## Instructions for the task
In the data below, begin at the line with "Gray Fox wrote:FYI, as" and stop after the line with "Envie votos calorosos"; output those lines exactly and no pictures.

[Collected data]
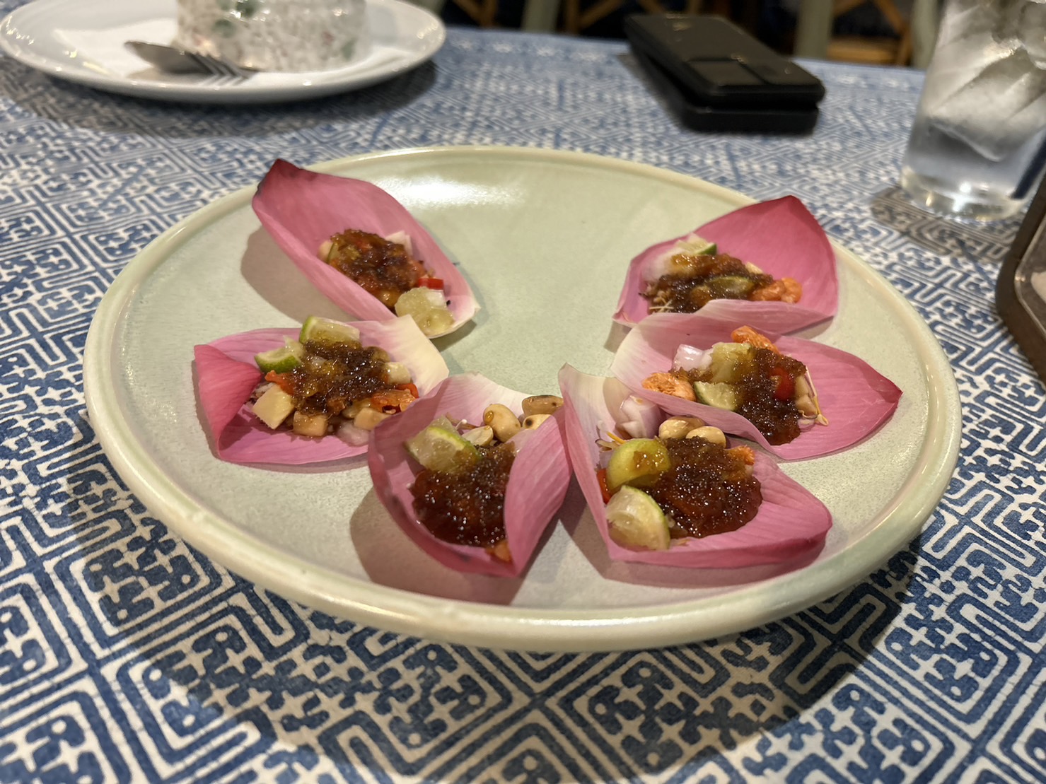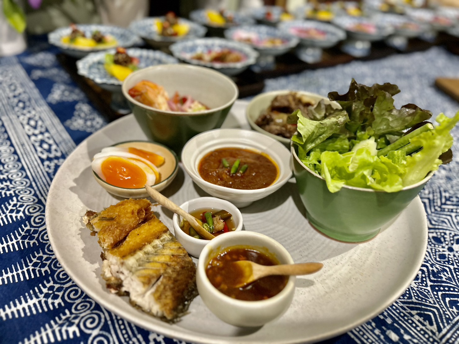 สำหรับอาหารที่มีการจัดเลี้ยงในวันนี้ ประกอบด้วย เมี่ยงกลีบบัว สะเดาปลาดุกน้ำปลาหวาน หลนปลากุเลา เกี้ยมฉ่ายต้มบ๊วยหมูสับ แกงส้มชะอม ไหลกุ้งสด ปลาเนื้ออ่อนทอดราดกระเทียม ยำรากบัว พะโล้ไข่เค็ม กุ้งเผา ทอดมันปลากราย ข้าวผัดปลาทู ผัด 3 เหม็น.-317.-สำนักข่าวไทย
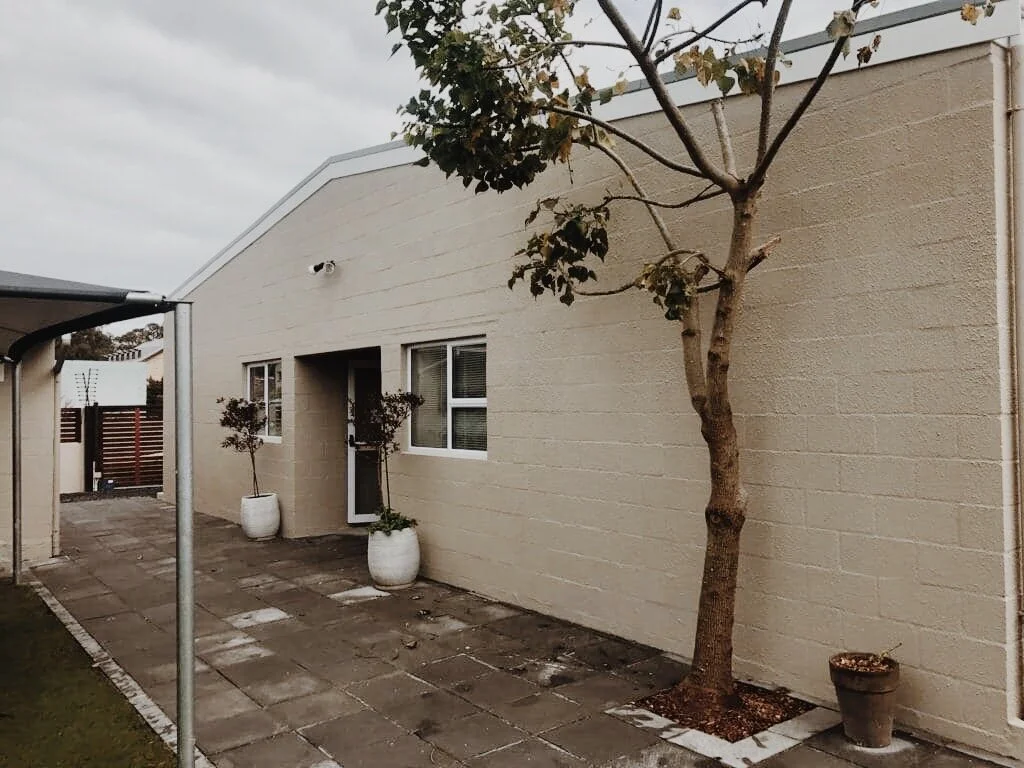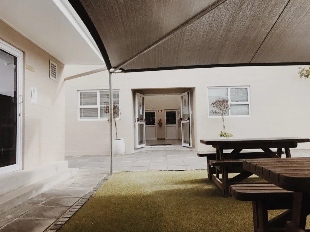 Before and after images of school extention.
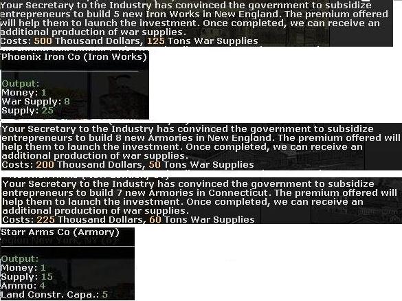 Gray Fox wrote:FYI, as this pic shows, an iron works costs $100 and 25 WS, while an armory costs either $25 or $33 and 6 to 9 WS each. So an iron work won't start making money for you until 100 turns have passed, whereas an armoury will start earning cash over and above its initial cost after about a year. You're better off building Ocean Transports and using them in the Atlantic sealane box to boost imports.
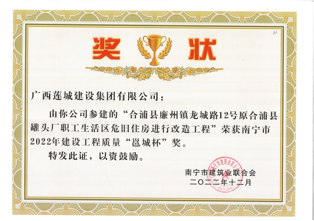 2022年建設(shè)工程質(zhì)量“邕城杯”獎(jiǎng)合浦縣廉州鎮(zhèn)龍城路12號(hào)原合浦縣罐頭廠職工生活區(qū)危舊住房進(jìn)行改造工程
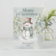 Envie votos calorosos nesta época com este encantador cartão de Natal de boneco de neve em aquarela, personalizado com a sua mensagem no interior. Com um boneco de neve pintado à mão contra um cenário invernal, este cartão de cumprimentos de Natal personalizado é perfeito para enviar alegria natalina à família, amigos ou colegas. O design alegre torna-o ideal para festas de Natal, celebrações de inverno ou simplesmente para compartilhar uma nota sincera. Impressos em papel de alta qualidade com detalhes vibrantes em aquarela, estes cartões de Natal personalizados são projetados para se destacarem na caixa de correio e trazer alegria a todos os destinatários.
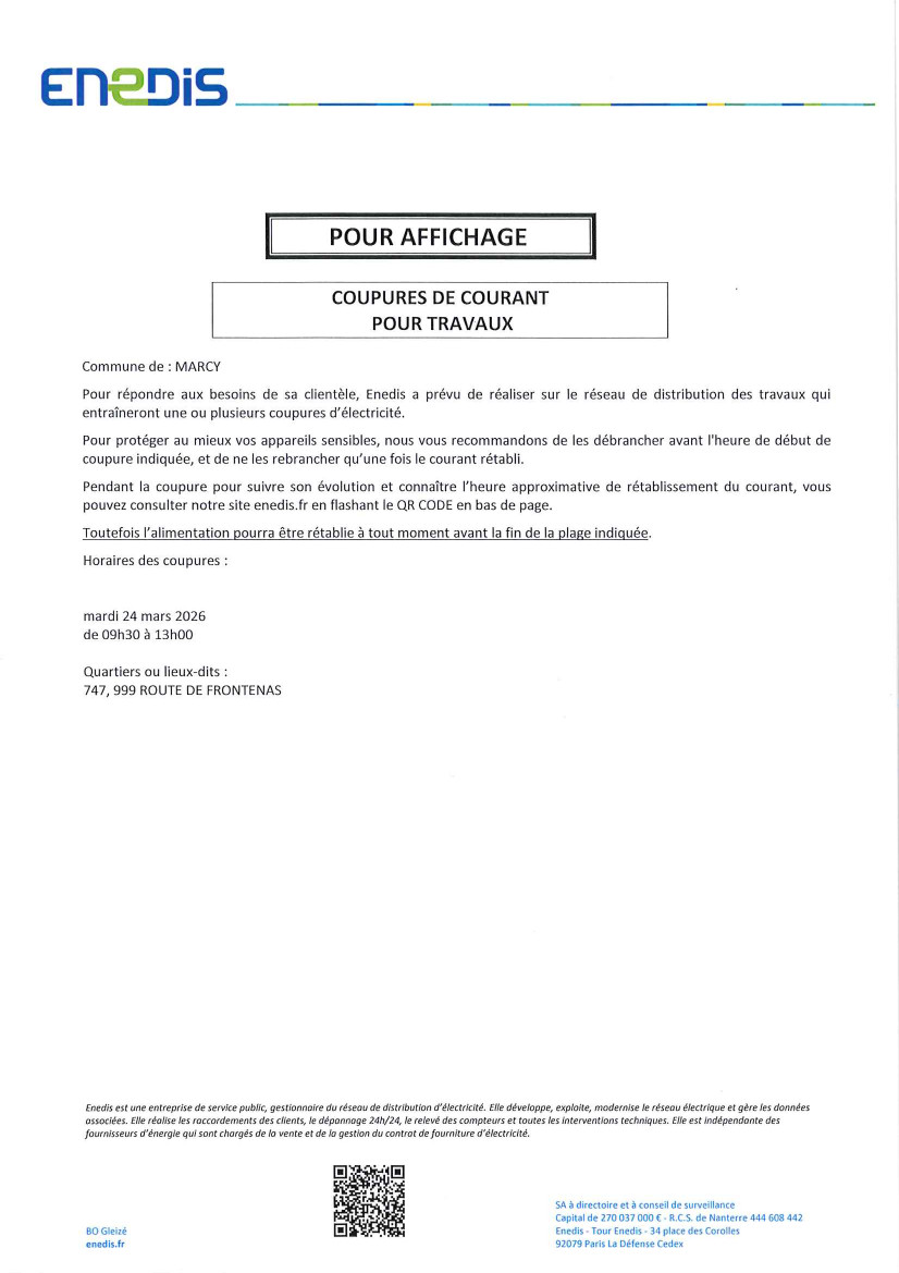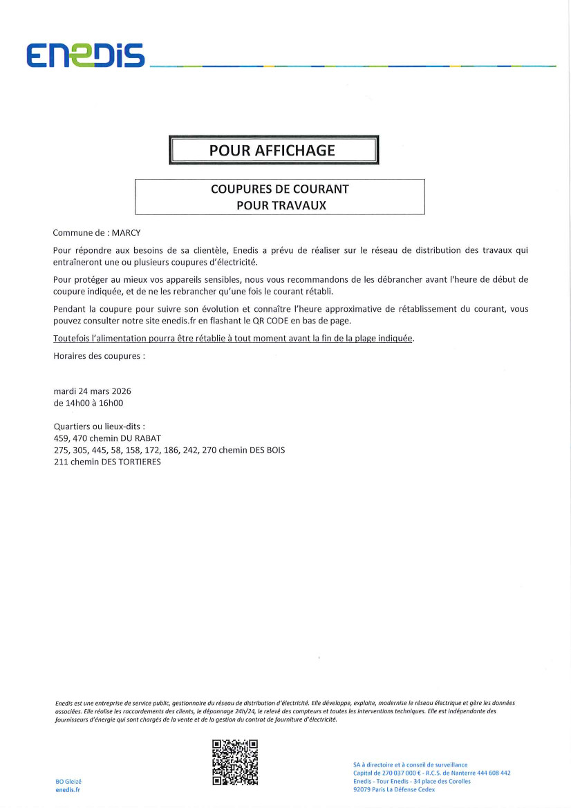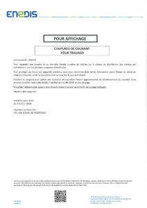 Pendant la coupure pour suivre son évolution et connaître l’heure approximative de rétablissement du courant, vous pouvez consulter le site enedis.fr en flashant le QR CODE en bas de page des documents çi-dessous.

## Output for this task
 Gray Fox wrote:FYI, as this pic shows, an iron works costs $100 and 25 WS, while an armory costs either $25 or $33 and 6 to 9 WS each. So an iron work won't start making money for you until 100 turns have passed, whereas an armoury will start earning cash over and above its initial cost after about a year. You're better off building Ocean Transports and using them in the Atlantic sealane box to boost imports.
 2022年建設(shè)工程質(zhì)量“邕城杯”獎(jiǎng)合浦縣廉州鎮(zhèn)龍城路12號(hào)原合浦縣罐頭廠職工生活區(qū)危舊住房進(jìn)行改造工程
 Envie votos calorosos nesta época com este encantador cartão de Natal de boneco de neve em aquarela, personalizado com a sua mensagem no interior. Com um boneco de neve pintado à mão contra um cenário invernal, este cartão de cumprimentos de Natal personalizado é perfeito para enviar alegria natalina à família, amigos ou colegas. O design alegre torna-o ideal para festas de Natal, celebrações de inverno ou simplesmente para compartilhar uma nota sincera. Impressos em papel de alta qualidade com detalhes vibrantes em aquarela, estes cartões de Natal personalizados são projetados para se destacarem na caixa de correio e trazer alegria a todos os destinatários.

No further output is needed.